Genelde yürüye yürüye oynanan bir maç. Çok aralarda bir kıpırdama oluyor ama tempo 10 üzerinden değerlendirsek 4'ü geçmedi. Galatasaray yürüye yürüye oynarken 3-0 öne geçti. Sonra Konya baktı ki bu iş olmayacak biraz koşalım dediler. O sırada Okan, oyuncu değişiklikleri yaptı ve Konya kendini göstermeye başladı son 15 dakikada. Başladı da rakip maçın başından itibaren zaten 9 kişi oynadı. Biri Icardi, diğeri Sane. Okan, ikisini de çıkarmadı.

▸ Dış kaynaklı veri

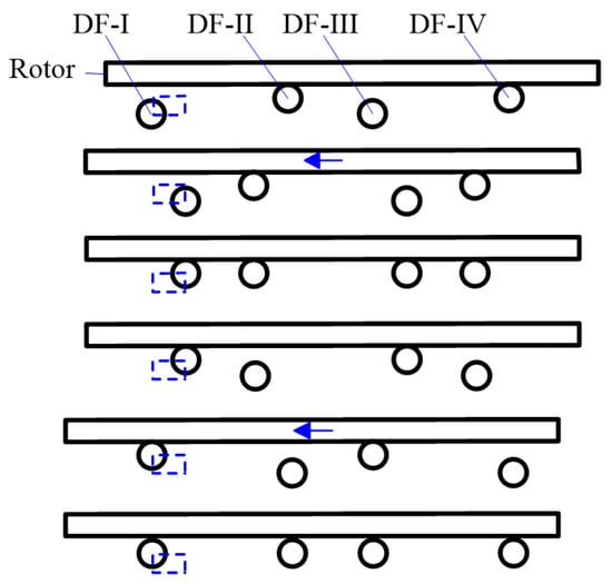 - DF-I and DF-III bend rightward, DF-II and DF-IV bend leftward synchronously and push the rotor leftward for one step.
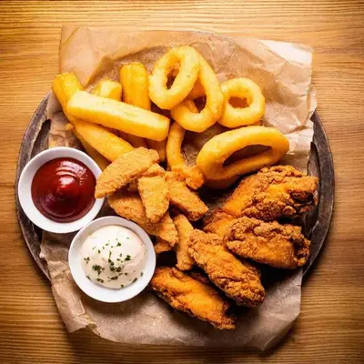 5 tenders de pechuga de pollo (salsa bbq, louisiana o natural) 6 pzas de aros de cebolla, acompañado de papas fritas especiadas y aderezo ranch.
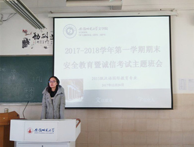 安全教育显温暖关怀,诚信考试展优良班风。临近期末考试,为了帮助同学们增强安全防范能力,树立诚信考试意识,12月20日上午,2015级汉语国际教育专业在教学楼2050405教室召开了“期末安全教育暨诚信考试”主题班会,班会由辅导员汪旭老师主持。
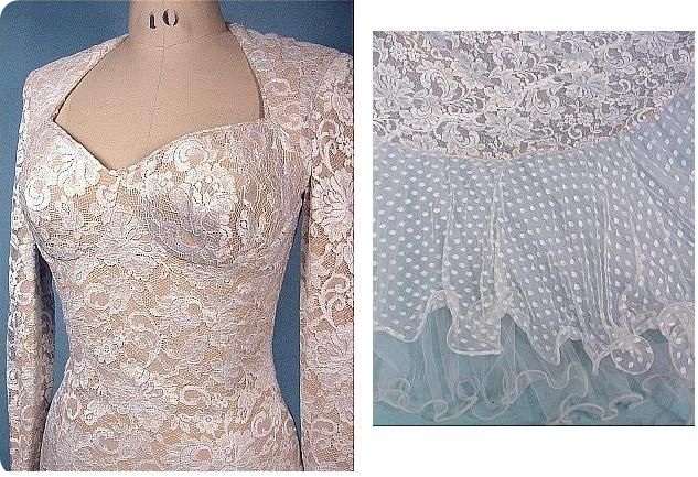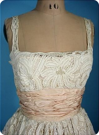 11.Свадебное платье из кружевного гипюра с поясом из тафты, 1950-е года
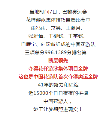盡管動作完成得如此出色,此前在集體技術自選和集體自由自選中,又獲得了近70分的領先優勢,但出水后的姑娘們仍不敢慶祝。直到現場宣布冠軍屬于中國時,教練和隊員們才釋放了自己全部的情緒。

Bunların herhalde antrenmanları eksik, 'maçla bunu kapattırayım' dedi. Mutlaka Liverpool maçını düşünüyordur. Maç 3-1 olduğunda bile Galatasaray'da bir panik başladı; 'Bir gol yerse 3-2 olursa ne olur' diye. Yani bu kadar paralar veriyorsunuz, rakiplerinizle kalite farkınız çok fazla ve net ağırlığınızı hissettiremiyorsunuz. Çünkü niye, Galatasaray'da takım oyunu yok, ferdi oynuyorlar. Allah var iyi oyuncuları var, onunla maç kazanıyorlar. Galatasaray'da iyiler kimdi Yunus ve Torreira. Zaman zaman da kaleci Uğurcan iyi işler yaptı. Şu net, Galatasaray'ın kadro yapısı Türkiye liginin çok üzerinde. Şampiyonlar Ligi'ne yeter mi Şu görüntüde yetmez. İlk maçta da bunu gördük. Düşünün o Frankfurt takımı, önceki gün sıradan bir rakibe sahasında 4-3 yenildi.

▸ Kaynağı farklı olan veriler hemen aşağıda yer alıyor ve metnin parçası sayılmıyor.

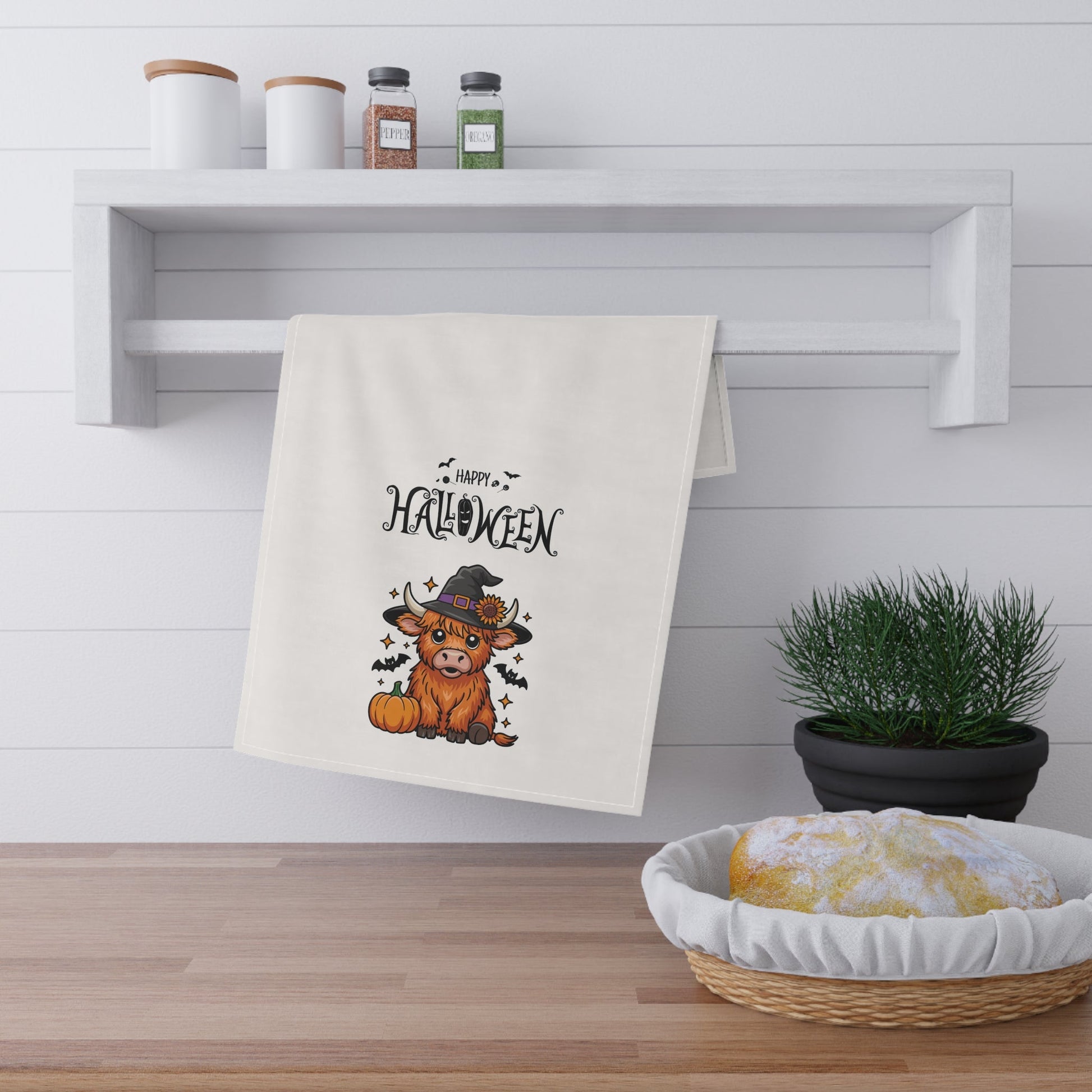 Happy Halloween cute Tea Towels, Festive Decor, Farmhouse Kitchen Accessories, Cute Highland Cow Design, Holiday Gift Ideas

Bazı taraftarlar Alman milli takım hocasının verdiği beyanata kızıyorlar ama normal! Biz doğruları fazla sevmiyoruz, hep yıkama, yağlama olacak. Maçın hakemi hiç zorlanmadan iyi bir maç yönetti. Torreira'nın maçın başında gördüğü kart tartışılıyor. Sarı mı kırmızı mı diye Ben sarıdan yanayım. Kasıtlı değil, pozisyon icabıydı. 90'dan sonra Galatasaraylı futbolculara kramplar girdi. Bu şunu gösterir, iyi hazırlık dönemi geçirmemişler. Bu olay eğer önemsenmezse sakatlıkları getirir. Düşünüyorum da akşam saat 8'de böyle kalitesiz maçta tribünler dolu. Helal olsun bu taraftarlara. Bu maçlar için büyük paralar verip, büyük eziyetlere katlanıp, bir de uykusuz kalıyorlar.